Task requirements - Exact copy, no pictures: return only the lines below from the line with "Drake’s Ties |" up to and including the line with "Girligt regnbåge, holografisk".

Working data -
== Segment start ==

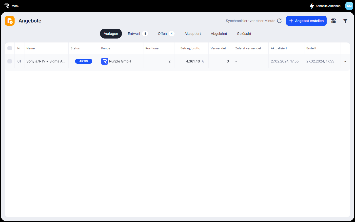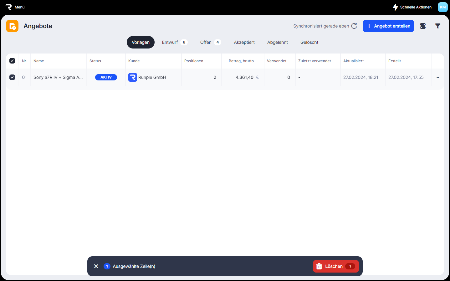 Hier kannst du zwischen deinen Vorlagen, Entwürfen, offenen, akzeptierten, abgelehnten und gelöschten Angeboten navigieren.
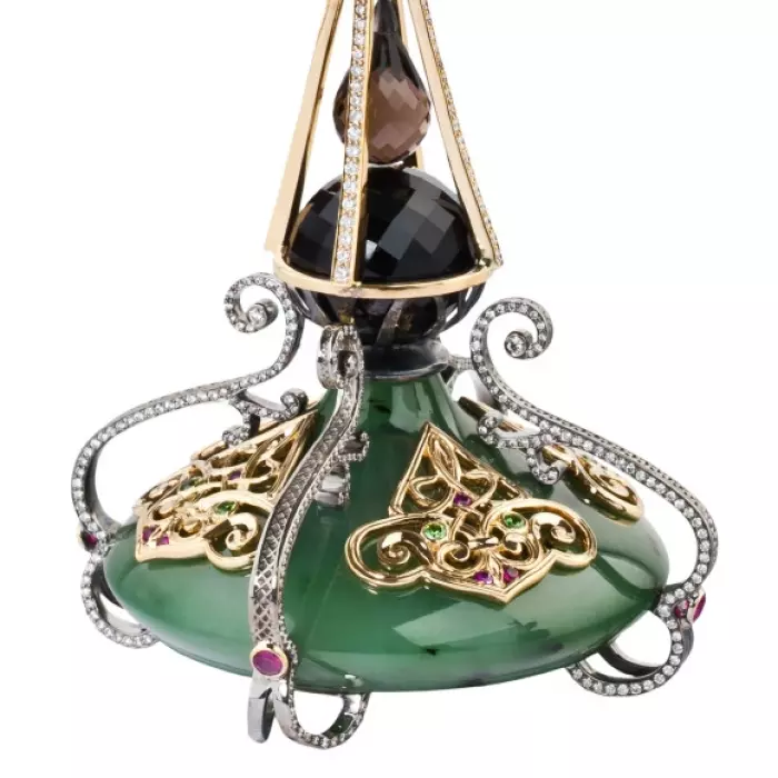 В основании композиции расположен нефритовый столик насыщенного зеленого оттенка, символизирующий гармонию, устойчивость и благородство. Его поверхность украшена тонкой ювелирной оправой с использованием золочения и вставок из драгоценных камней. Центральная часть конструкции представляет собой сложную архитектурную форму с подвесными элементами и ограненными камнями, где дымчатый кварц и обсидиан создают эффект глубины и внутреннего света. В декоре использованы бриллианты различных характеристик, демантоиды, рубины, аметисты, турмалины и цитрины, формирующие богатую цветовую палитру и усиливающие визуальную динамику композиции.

== Segment end ==
== Segment start ==

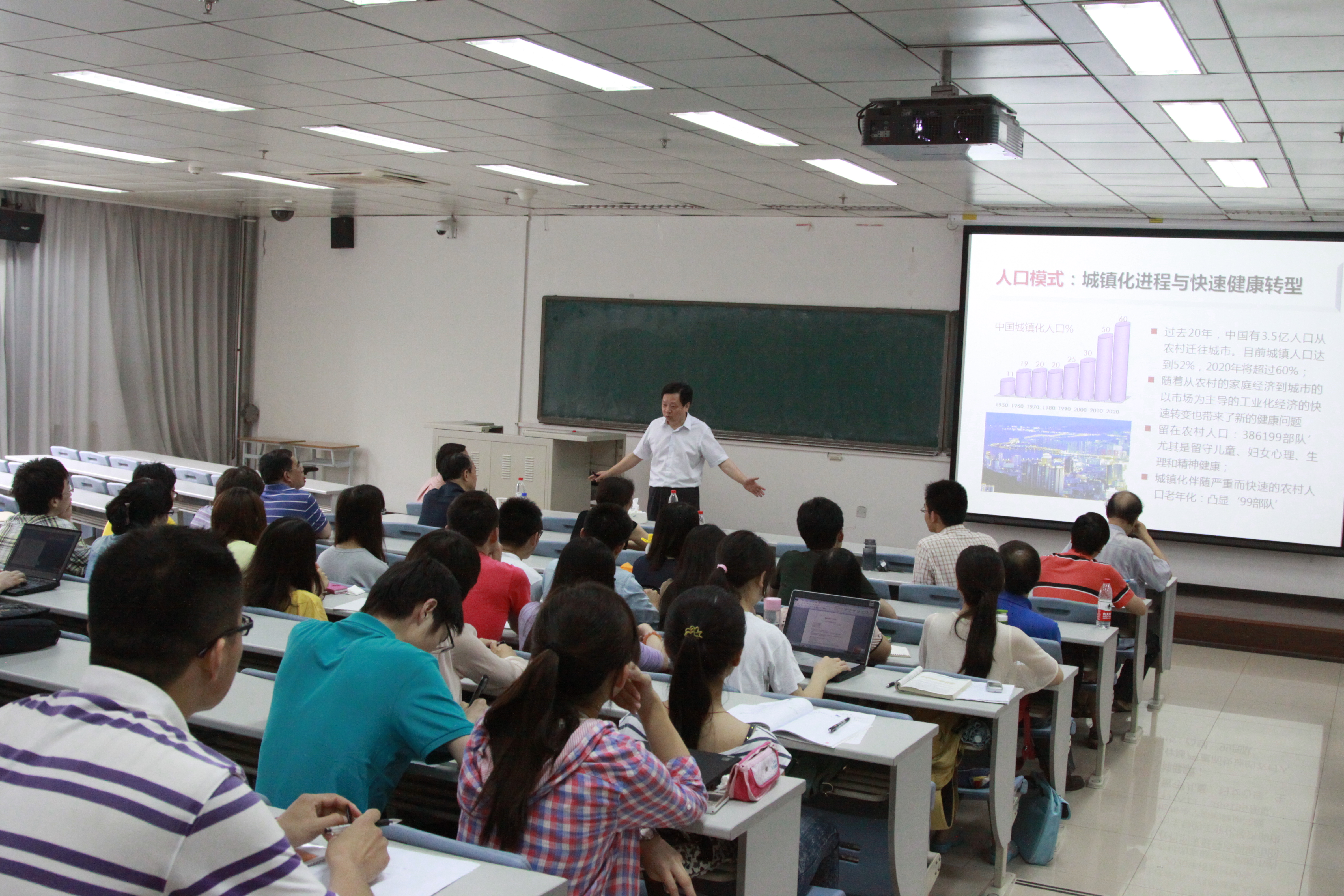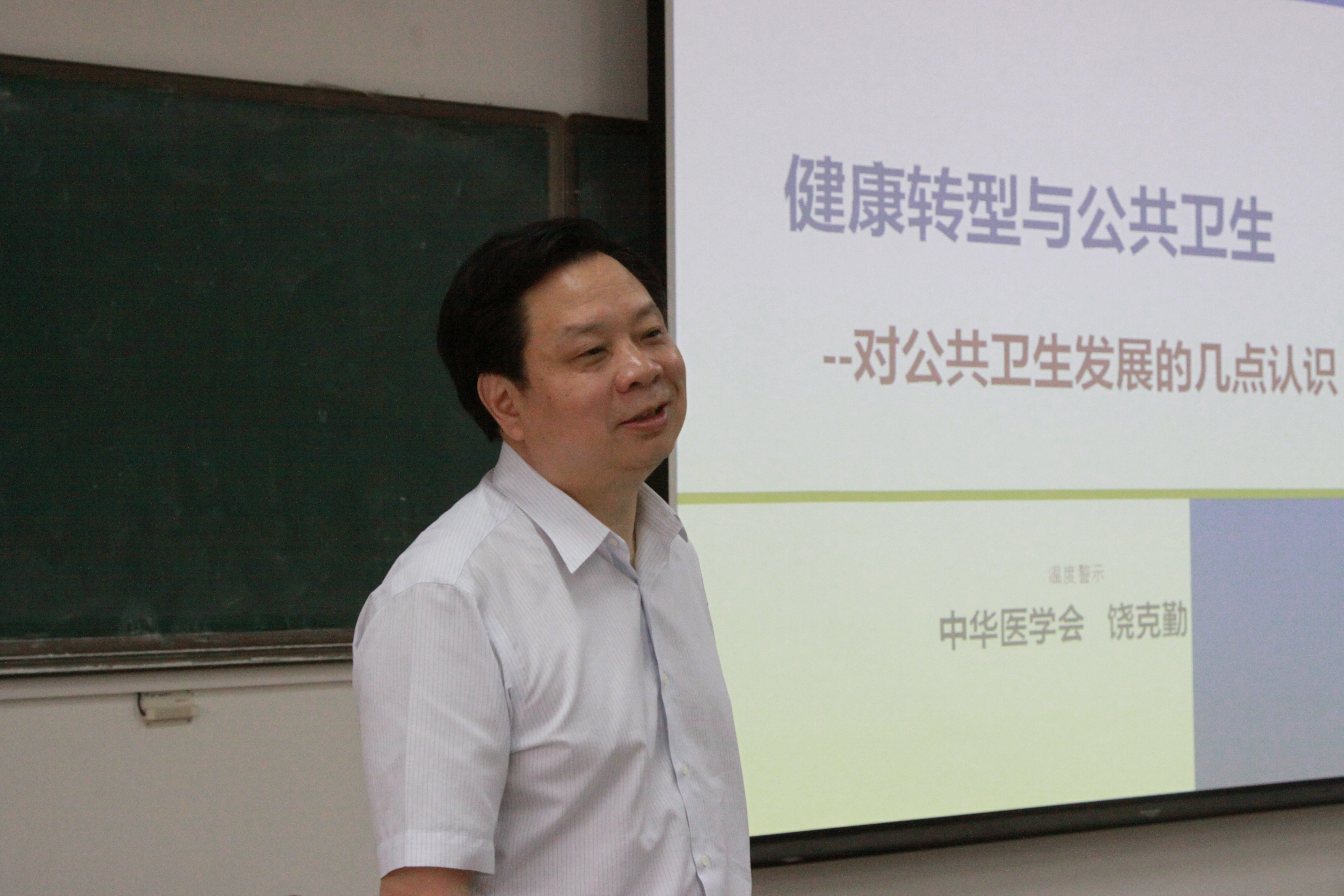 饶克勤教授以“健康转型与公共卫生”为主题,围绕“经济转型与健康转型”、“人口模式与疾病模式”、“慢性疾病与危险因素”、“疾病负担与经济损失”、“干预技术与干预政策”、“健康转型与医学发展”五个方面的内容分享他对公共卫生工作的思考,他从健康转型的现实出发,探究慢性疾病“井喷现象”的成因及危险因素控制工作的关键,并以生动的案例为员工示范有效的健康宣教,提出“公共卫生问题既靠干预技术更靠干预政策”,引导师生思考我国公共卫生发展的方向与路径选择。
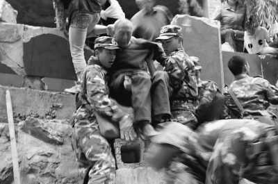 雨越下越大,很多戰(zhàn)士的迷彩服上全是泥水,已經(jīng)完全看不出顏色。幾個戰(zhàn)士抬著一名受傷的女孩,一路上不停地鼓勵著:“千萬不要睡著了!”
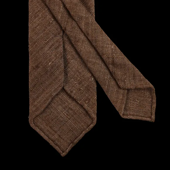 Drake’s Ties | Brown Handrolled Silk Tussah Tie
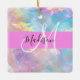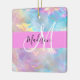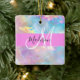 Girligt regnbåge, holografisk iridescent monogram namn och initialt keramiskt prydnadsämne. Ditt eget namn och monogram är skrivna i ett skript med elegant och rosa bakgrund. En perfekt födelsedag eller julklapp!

== Segment end ==

Exercise output -
 Drake’s Ties | Brown Handrolled Silk Tussah Tie
 Girligt regnbåge, holografisk iridescent monogram namn och initialt keramiskt prydnadsämne. Ditt eget namn och monogram är skrivna i ett skript med elegant och rosa bakgrund. En perfekt födelsedag eller julklapp!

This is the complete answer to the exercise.